Factors other than positions ‘59’ and ‘89’ must contribute to phosphoryl group stability
Comparisons of autodephosphorylation rates between CheY or Spo0F mutant proteins created in this study and response regulators with matching amino acids at positions ‘59’ and ‘89’ showed some cases of remarkably good agreement (e.g. less than twofold rate difference between E. coli CheY 59NE-89EH and R. sphaeroides CheB1; Table S5). At the other extreme, there was a 160-fold difference between the autodephosphorylation rates of T. maritima DrrA and the matched E. coli CheY 59NM-89EK mutant. Such discrepancies suggest that the amino acid combinations at positions ‘59’ and ‘89’ do not solely account for the intrinsic dephosphorylation rate of response regulators. The data in Table 1 suggest the potential contributions of position ‘88’ are another obvious area for future investigation. However, many of the rate discrepancies noted in Table S5 exist between response regulators that are also matched at position ‘88’. Therefore, other as yet unidentified factors that influence autodephosphorylation rate must exist.
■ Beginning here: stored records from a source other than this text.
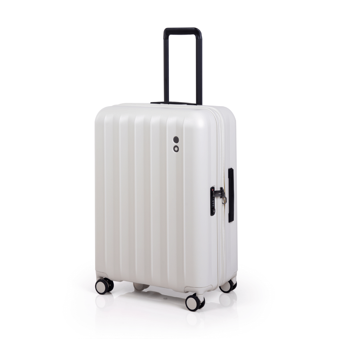 چمدان اکولاک مدل آموس سایز متوسط در رنگ بندی های سفید و مشکی در فروشگاه اکولاک درحال عرضه میباشد.
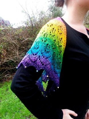 A half hexagon shape which can be worn as a shrug, shawl or a scarf. Attach buttons to the bottom of each spine, on the WS. Fold the front edges over and fasten the buttons into a yarn over, to convert from a shawl to a shrug.
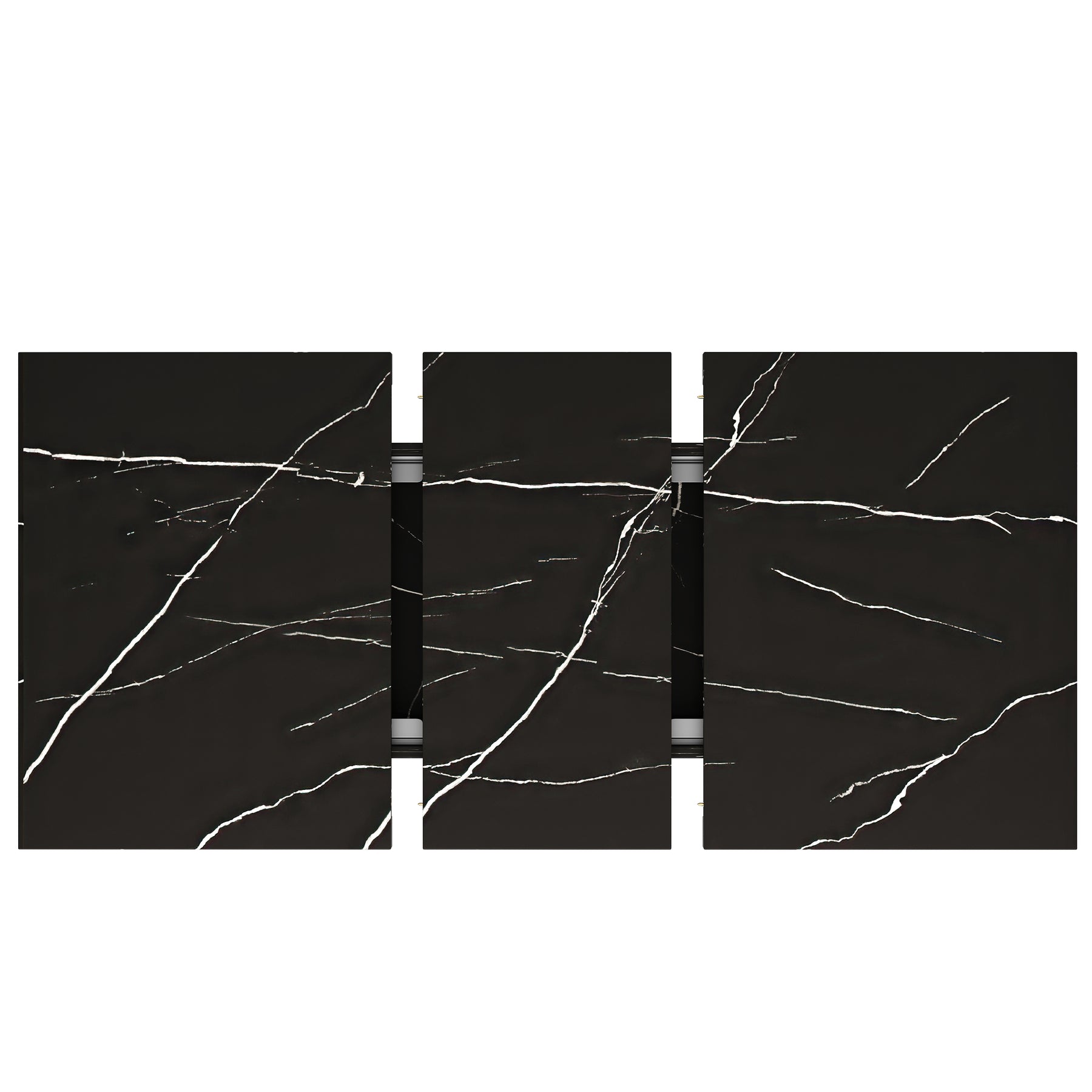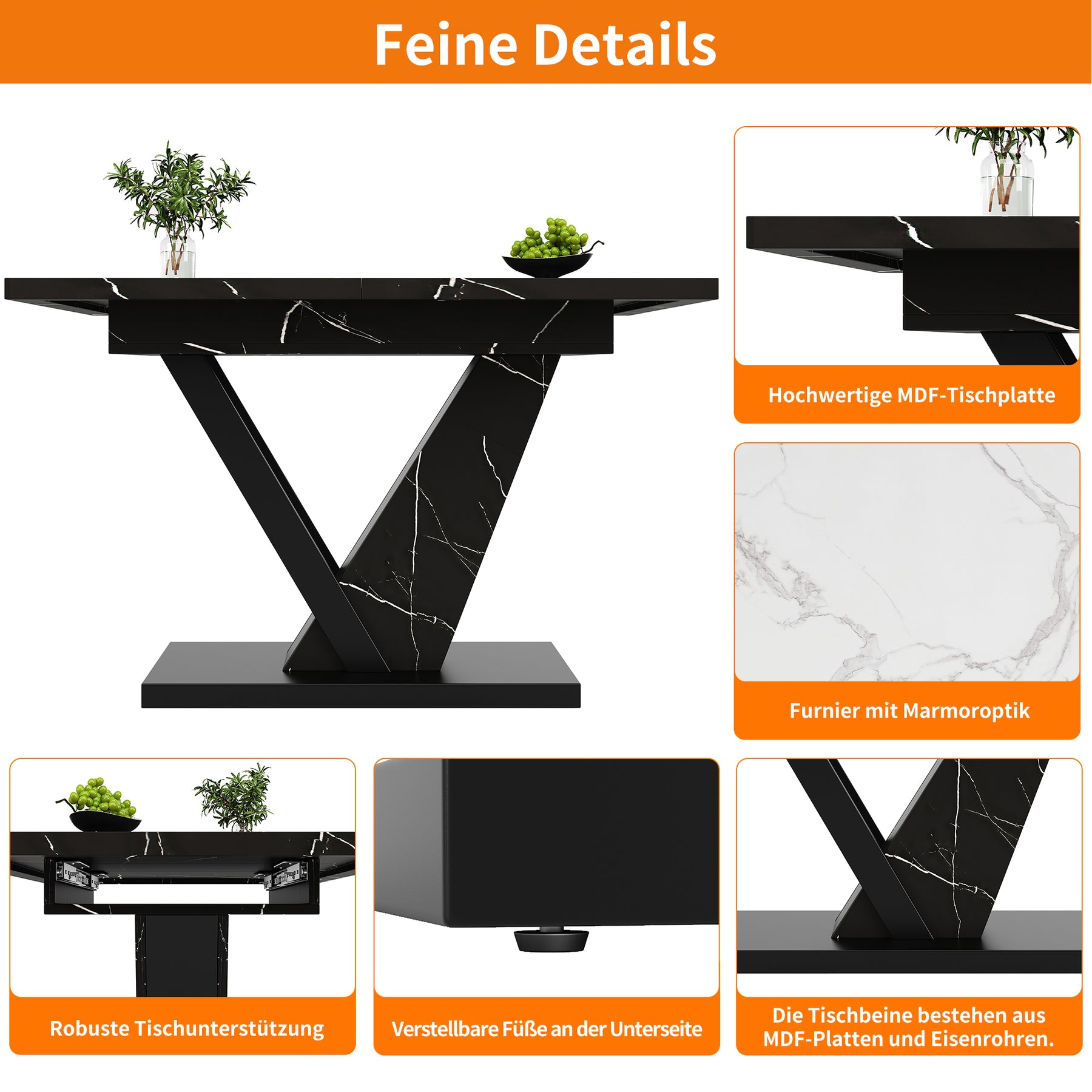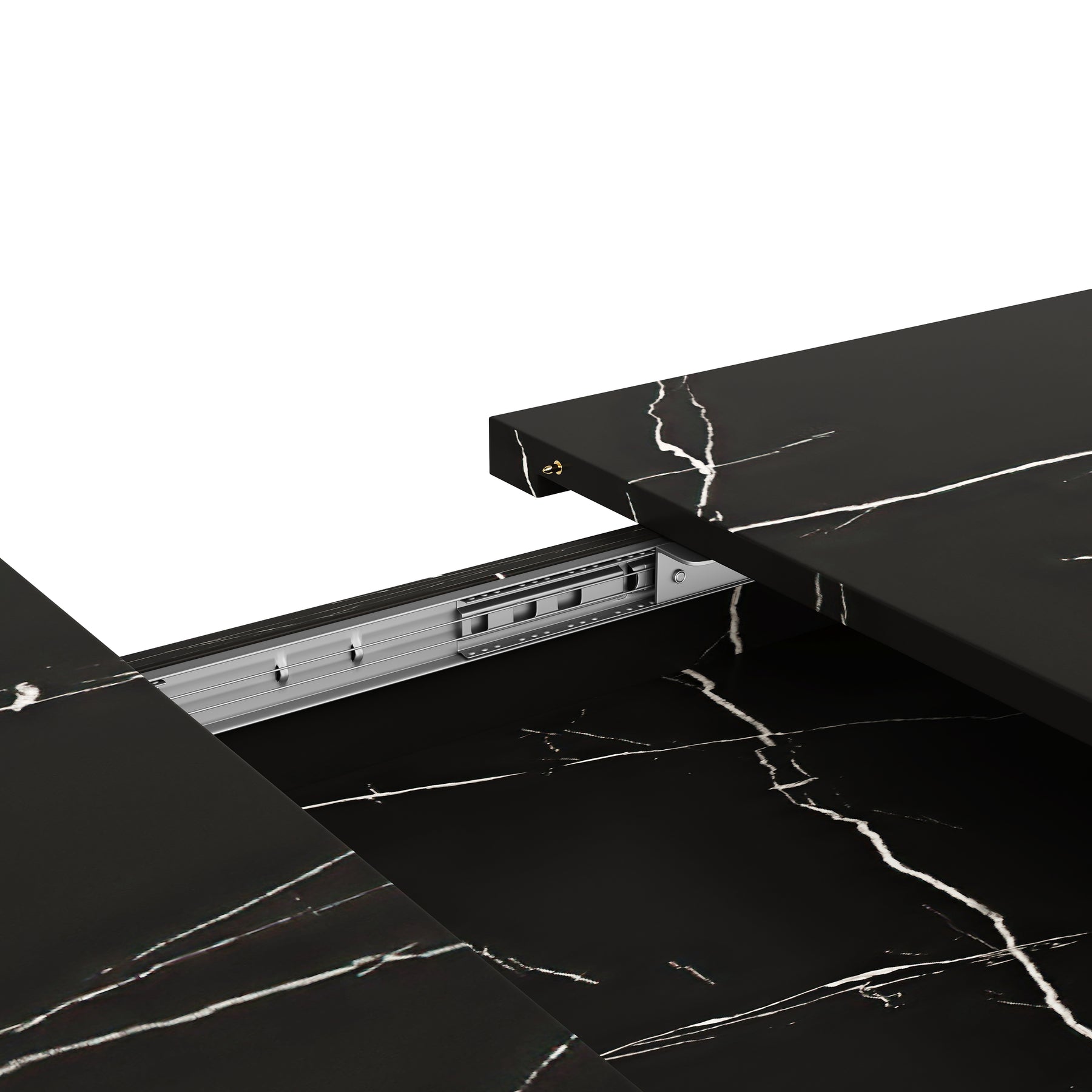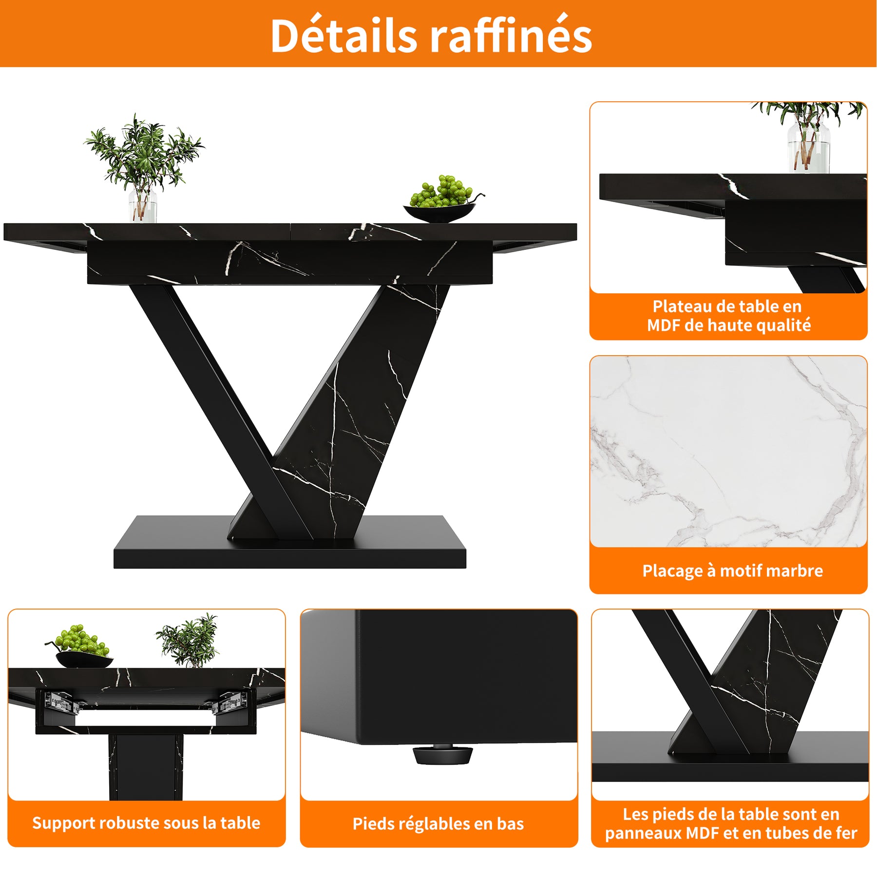 Table de Salle à Manger Extensible Noire Effet Marbre avec Piètement Métallique Renforcé (120-160cm) STRAKUL
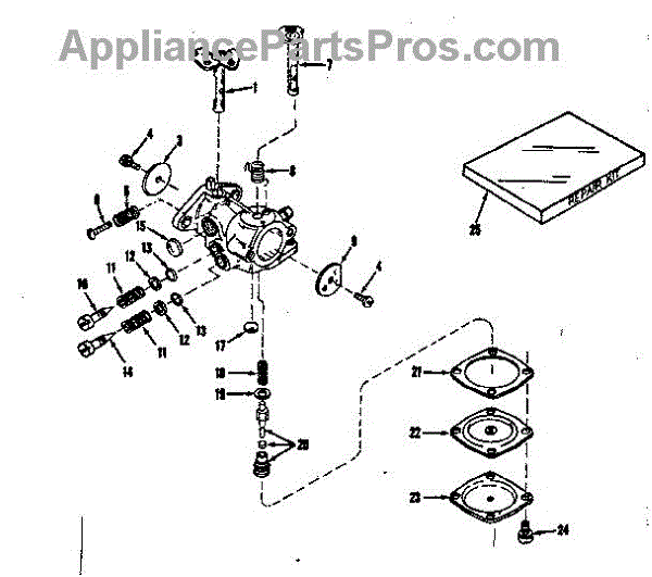 Parts for Craftsman 14384300: Carburetor No. 29820 Parts

Some differences in rate may plausibly be attributed to differences in the positioning of residues ‘59’ and ‘89’ with respect to the active site. One example is His‘89’, which has been proposed to affect phosphoryl group stability by sterically inhibiting access of the nucleophilic water molecule in FixJ (Birck et al., 1999; Fig. 3B), or possibly serving as a base to activate the water molecule in NtrC (Hastings et al., 2003). Similarly, the different spatial orientations of position ‘89’ observed in CheY·BeF3- (Lee et al., 2001) and Spo0F·BeF3- (Gardino et al., 2003; Varughese et al., 2006; Fig. 3) may explain the range in rates (threefold to 22-fold) observed for the nine pairs of CheY and Spo0F proteins with matched amino acids at positions ‘59’ and ‘89’ (Table S5). In contrast, no such obvious differences in structure are observed between CheY·BeF3- (Lee et al., 2001), Arc·BeF3- (Toro-Roman et al., 2005) and PhoB·BeF3- (Bachhawat et al., 2005; Fig. 3A), yet CheY mutants autodephosphorylate over 100 times and over 10 times faster than the respective ArcA and PhoB proteins they were designed to mimic (Table S5). However, subtle differences between response regulator structures that alter the precise geometry of active site side-chains or backbone amides could conceivably affect the energetics of interactions with the phosphoryl group in the transition state and hence translate into a large effect on reaction rates. The eventual ability to predict absolute dephosphorylation rate, rather than relative rate, would enhance the potential applications described above.